Shooting butane canisters..!!


----------



## Spguns

Bottle silencer..!! It works..??


----------



## Spguns

Blowgun fun..!!


----------



## pic

Great job,,, I would have liked to see the blowgun itself and what it was made of,, looked like pvc??


----------



## Spguns

pic said:


> Great job,,, I would have liked to see the blowgun itself and what it was made of,, looked like pvc??


Hello my friend..! You are right about that...i buy it from electrical shop...maybe pvc is yes...thank you..!!


----------



## Steve M1911A1

I have a short (12") blowgun made from white PVC water pipe, about 7/8" outside diameter and about 9/16" inside. (I bet it's nominally 1/2" ID.)
(Spiros: That is about 22mm outside diameter, and about 14mm inside, 305mm long.)
I use it to shoot Nerf darts, which are soft and relatively harmless.
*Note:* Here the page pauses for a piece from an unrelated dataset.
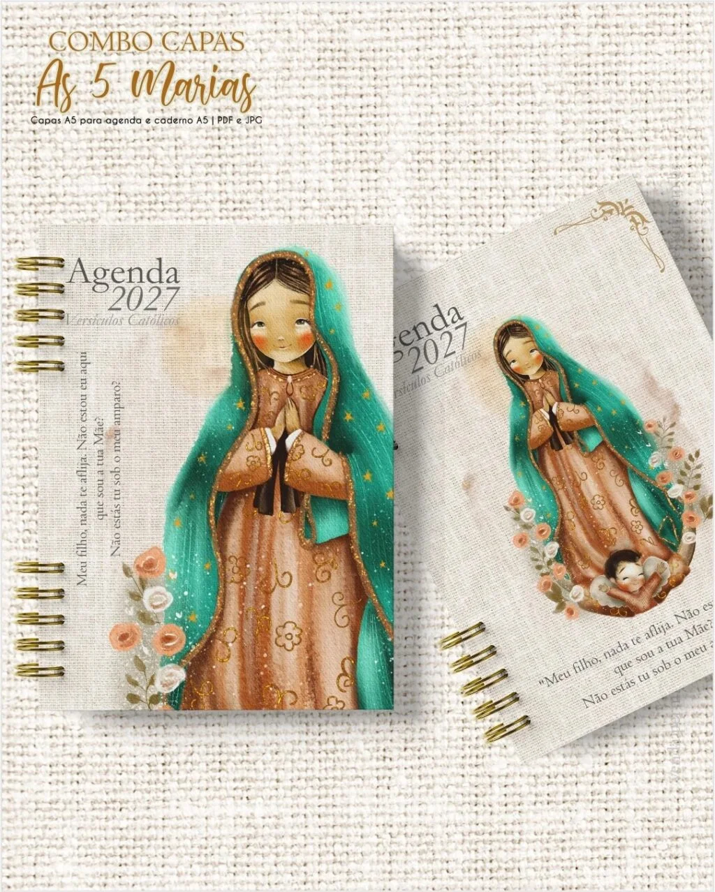 10 modelos de capas com texto AGENDA 2027 e frase A5 decorados com as 5 Marias em PDF e JPG

Click on: https://www.amazon.com/Nerf-N-Strike-Whistler-Darts-pack/dp/B00EVWD2CG/ref=sr_1_1?s=toys-and-games&ie=UTF8&qid=1478900944&sr=1-1&keywords=nerf+n-strike+whistler+darts

Spiros, I like your pin-tipped dart. I wish that I knew about that, years ago. I'll have to try making some.
I also like your way of making a stiff, accurate blow gun.


----------



## Spguns

Steve M1911A1 said:


> I have a short (12") blowgun made from white PVC water pipe, about 7/8" outside diameter and about 9/16" inside. (I bet it's nominally 1/2" ID.)
> (Spiros: That is about 22mm outside diameter, and about 14mm inside, 305mm long.)
> I use it to shoot Nerf darts, which are soft and relatively harmless. Click on: https://www.amazon.com/Nerf-N-Strike-Whistler-Darts-pack/dp/B00EVWD2CG/ref=sr_1_1?s=toys-and-games&ie=UTF8&qid=1478900944&sr=1-1&keywords=nerf+n-strike+whistler+darts
> 
> Spiros, I like your pin-tipped dart. I wish that I knew about that, years ago. I'll have to try making some.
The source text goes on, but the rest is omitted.